Monday 16 March 21.00 WITNESS: SEX IN A COLD CLIMATE. I do not endorse any comments made in this programme since I have no first-hand knowledge of the subject.

Channel 4's award winning documentary strand returns for a new six-part series, tackling some of the more controversial moral and ethical issues of the day. Regularly the subject of critical acclaim, Witness reaffirms Channel 4's continued and unique commitment to reporting issues of religious and ethical significance on peak-time television.

Sex in a Cold Climate presents a harrowing picture of sexual intolerance in 20th Century Ireland. Using rare archive film and photographs, it tells for the first time the tragic experiences of the young women sent away to Ireland's Magdalene Asylums for their supposed sexual impropriety. This is the story of four Irish Catholic women who were condemned as teenagers to a brutal institutional life where they were cruelly punished by nuns.

In Ireland, in a time before sex education, it fell to the Church to teach young women that chastity in thought and deed was the only protection from the sin of sex. Contraception was banned and sex before marriage was a mortal sin. Most young women were sexually ignorant and the consequences for them of any sexual activity could be horrific. If they became pregnant before marriage, or even if there was a suspicion that their chastity had been violated, they could be sent to one of Ireland's ten Magdalene asylums as punishment. Named after Mary Magdalene, the prostitute who repented and was forgiven by Jesus, the aim of these asylums was to chastise and correct Ireland's 'fallen women'.

Cast out by her family when she fell pregnant and forced to seek refuge in an institution run by nuns CHRISTINA MULCAHY gave birth to a baby boy in 1940. She was hoping to marry the father - but recalls that the nuns stopped all communication between them. However, nothing could prepare her for when the nuns removed her ten-month-old baby son for adoption without any warning. A tearful Christina remembers how she wasn't even allowed to say goodbye to him. "I was breast feeding him. It upset me so much I nearly went mad." As a single mother, Christina was again rejected by her family. Her punishment was to be sent to a Magdalene asylum in Galway where she remained for three years before escaping. She had to wait 55 years before she was reunited with her son.

MARTHA COONEY was sent away to a Magdalene asylum in Dublin when she was just 14 - after being indecently assaulted by a cousin. Like all girls, her head was shaved, her clothes confiscated and she was forced to work in the Magdalene laundry for no pay, from morning till night, 52 weeks a year. The labour was deeply symbolic - the purging of sin by the washing of dirty linen. "We were caged and we were powerless to do anything about it," she says. Martha was released in 1945 after four years in the asylum.

PHYLLIS VALENTINE spent eight years in Galway's Magdalene Asylum between 1956 and 1964. "The nuns were very brutal, they made you work all day," she remembers. "Then I started to rebel, I thought I'm 21, I'm going to be here forever, I want out." Phyllis was released after she went on a hunger strike and became violent towards the nuns.

BRIGID YOUNG grew up in an orphanage attached to the Limerick Magdalene asylum.
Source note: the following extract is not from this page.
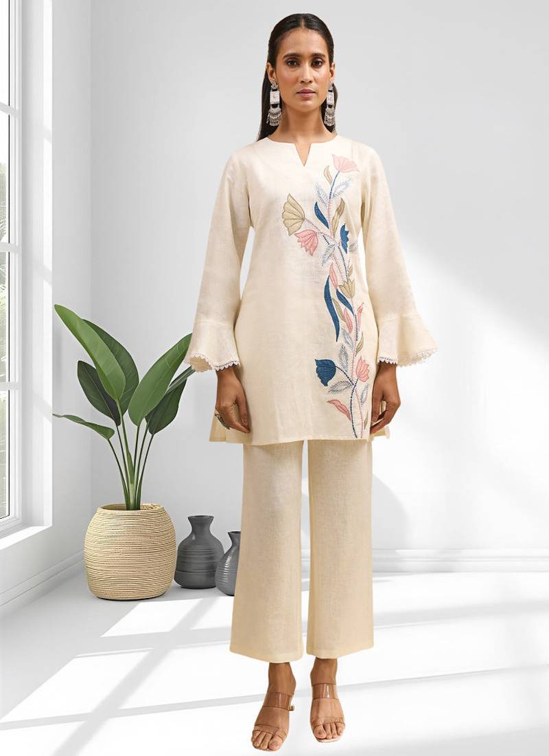 • Product Id : 4686177 • Package Details : 1 Top/1 Bottom • Type : Party Wear Kurtis • Occasion : Wedding • Fabric : Linen • Work : Embroidered • Type : Resham Embroidery • Look : Designer • Sleeve : Quarter Sleeve • Color : Cream • Stitching : Stitched • Length : 32.0 Payments [+]

She remembers "the nuns used to make us strip naked and they would be laughing and criticising us". Brigid remembers being viciously assaulted by a nun with a belt and scissors after daring to speak to a Magdalene girl. She was later sexually assaulted several times by a visiting priest. But she was unable to confide in any of the nuns for fear of retribution.

Facing life in the outside world after being locked away for so many years was an awesome challenge for these women, all of whom were emotionally scarred by the experience. The last remnants of the Magdalene asylums were closed in 1996 and although the church has kept the records secret, it is estimated that as many as 30,000 Irish women passed through the asylums this century. Some never got out.